◆ WHAT YOU SHOULD DO
The answer is to be the lines below that lie between the line holding "由CGTN制作的《联合国80" and the line holding "De straatkatten van", inclusive, transcribed exactly and free of pictures.

(Records from a data collection)
--

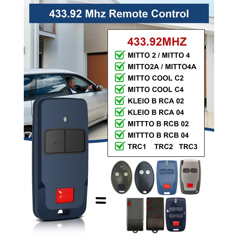 433 MHz Remote Control Transmitter for Mitto Cool C2 C4, Mitto 2 | Mitto 4 | Mitto 2A | Mitto 4A, Mitto B RCB 02/04, TRC1, TRC2, TRC3, Rolling Code, 2 Channels Remote Control (2 Pieces)
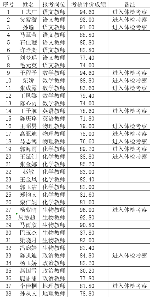 东营市第一中学2024年"千名英才“选聘考核评价成绩公布
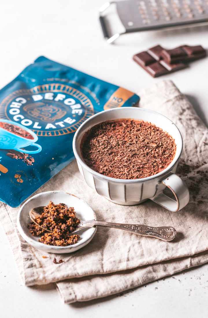 Unlike the mass-produced options, we keep it real with minimal and natural ingredients, We DON’T use processed cocoa powder, remove the rich cacao butter or use refined sugar. We simply grind small batches of cacao beans into a rich paste and sweeten naturally to create an indulgent hot chocolate experience like no other.
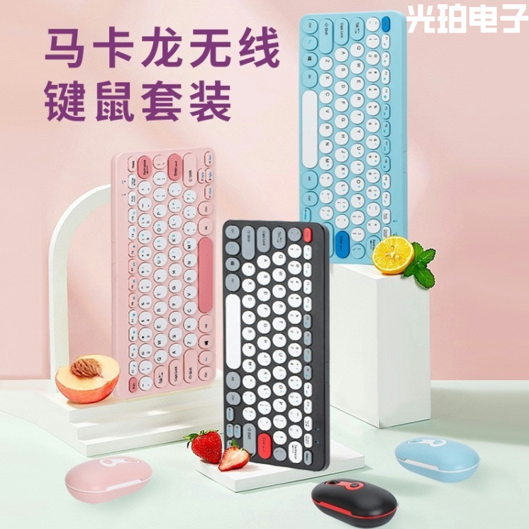 Macaron Warna Mini Kecil Kecil Bentuk Bulat Tombol Nirkabel Set Tombol dan Mouse 78 Tombol Desktop Laptop Universal
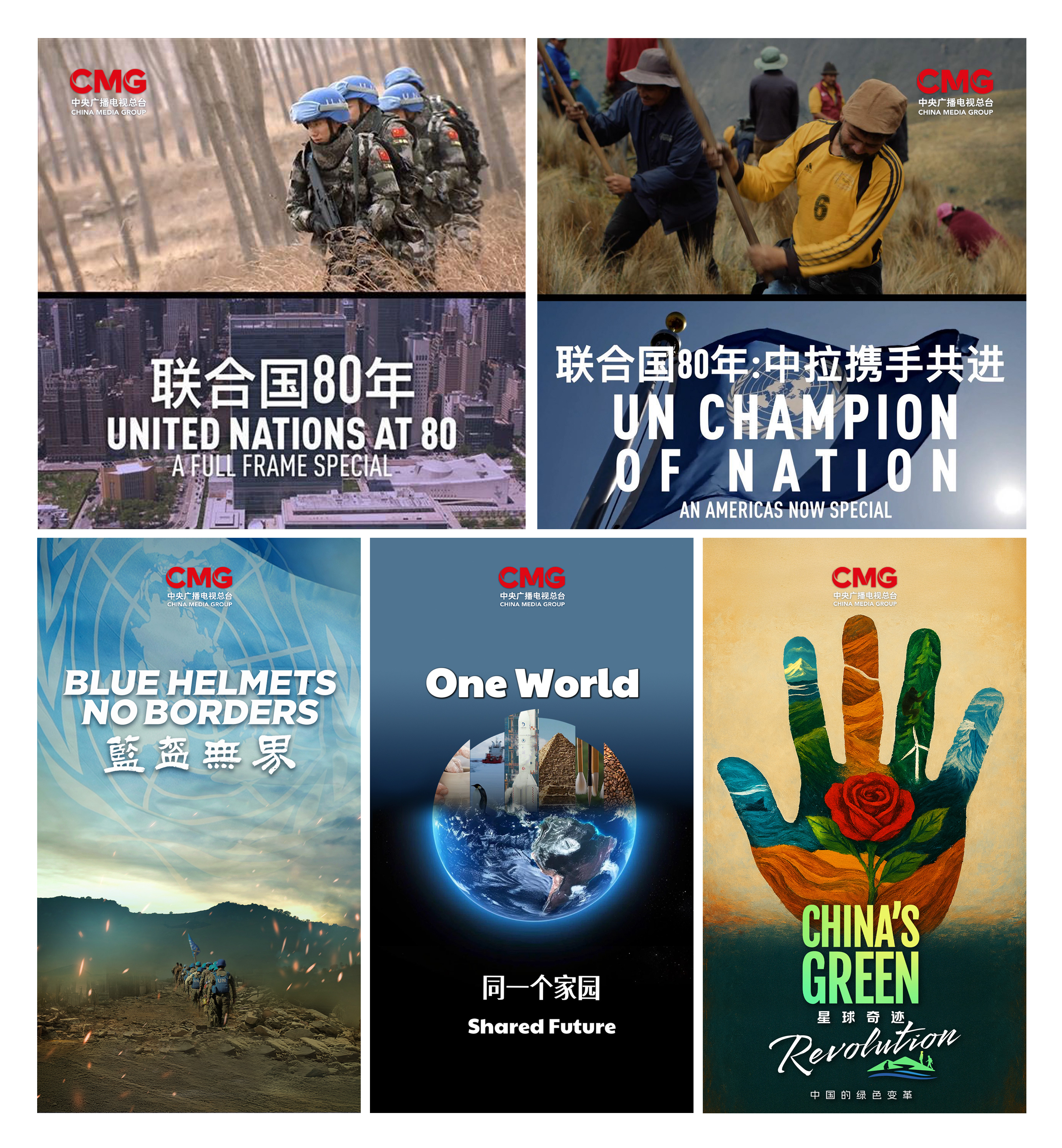 由CGTN制作的《联合国80年》《联合国80年:中拉携手共进》《星球奇迹:中国的绿色变革》《蓝盔无界》《同一个家园》等系列精品专题片现场发布,主题涵盖中国在联合国全球发展中的贡献、中国海外维和行动、中拉可持续发展合作、中国绿色转型实践、多元文明交流互鉴等内容。
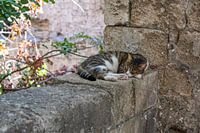 De straatkatten van Rhodos zijn meer dan zwerfkatten: ze maken deel uit van het dagelijkse leven op het eiland en worden liefdevol verzorgd door zowel de lokale bevolking als bezoekers. Met hun ontspannen, vertrouwende aard en het mediterrane landschap op de achtergrond vormen ze een uniek fotomotief. Deze foto vangt de speciale sfeer van het eiland en brengt een stukje Griekse sereniteit in je huis. Het is perfect voor kattenliefhebbers, Griekenland-liefhebbers en iedereen die de mediterrane levensstijl waardeert.
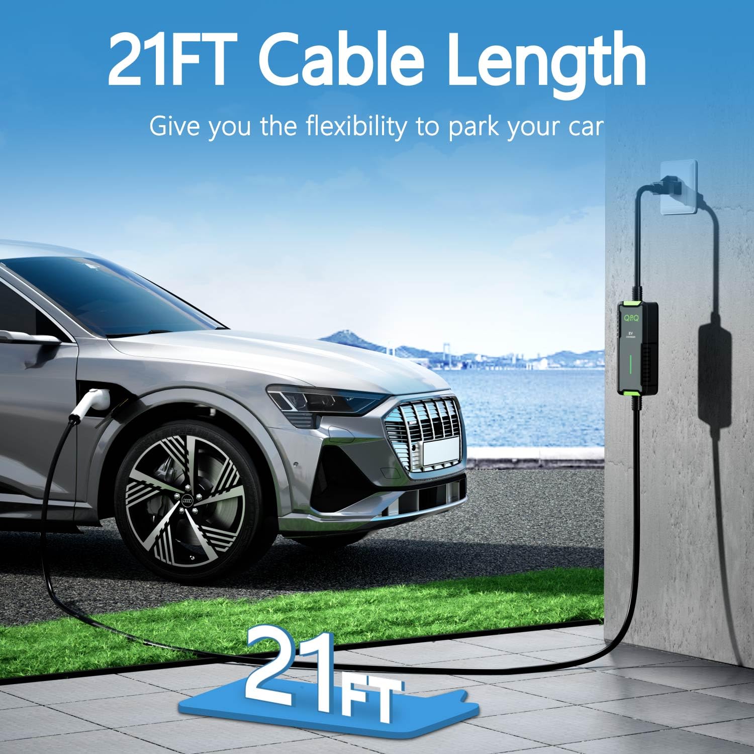- Charge Anytime, Anywhere: The portable electric car charger comes with a 21FT cable which fulfill most demands of charging in driveways and garages. This EV charger comes with a replaceable NEMA 5-15 adapter and can also be used as a Level 1 EV charger. LED indicators help read the charge status and are easily spotted in the dark. A storage bag is included for on-the-go charging, keeping everything organized
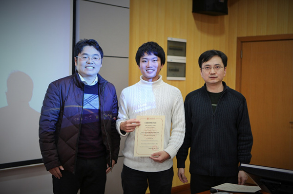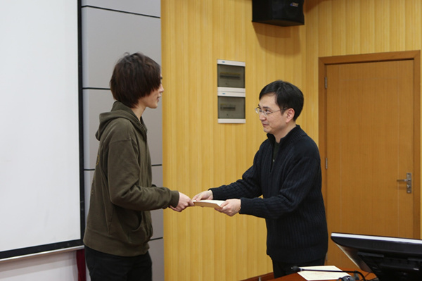 出席Workshop的师生们对四名交流生的发表内容进行了热烈讨论,参会的教师们还对交流生今后的研究方向进行了指点。四名交流生表示,通过这次交流,他们不仅在科研上得到了启迪和长进,也收获了与船建学院研究生的友情,增进了对中国文化的理解。报告会结束后,项目负责人张新曙为四名日本交流生颁发了结业证书并表示祝贺。

--

◆ TASK ANSWER
 由CGTN制作的《联合国80年》《联合国80年:中拉携手共进》《星球奇迹:中国的绿色变革》《蓝盔无界》《同一个家园》等系列精品专题片现场发布,主题涵盖中国在联合国全球发展中的贡献、中国海外维和行动、中拉可持续发展合作、中国绿色转型实践、多元文明交流互鉴等内容。
 De straatkatten van Rhodos zijn meer dan zwerfkatten: ze maken deel uit van het dagelijkse leven op het eiland en worden liefdevol verzorgd door zowel de lokale bevolking als bezoekers. Met hun ontspannen, vertrouwende aard en het mediterrane landschap op de achtergrond vormen ze een uniek fotomotief. Deze foto vangt de speciale sfeer van het eiland en brengt een stukje Griekse sereniteit in je huis. Het is perfect voor kattenliefhebbers, Griekenland-liefhebbers en iedereen die de mediterrane levensstijl waardeert.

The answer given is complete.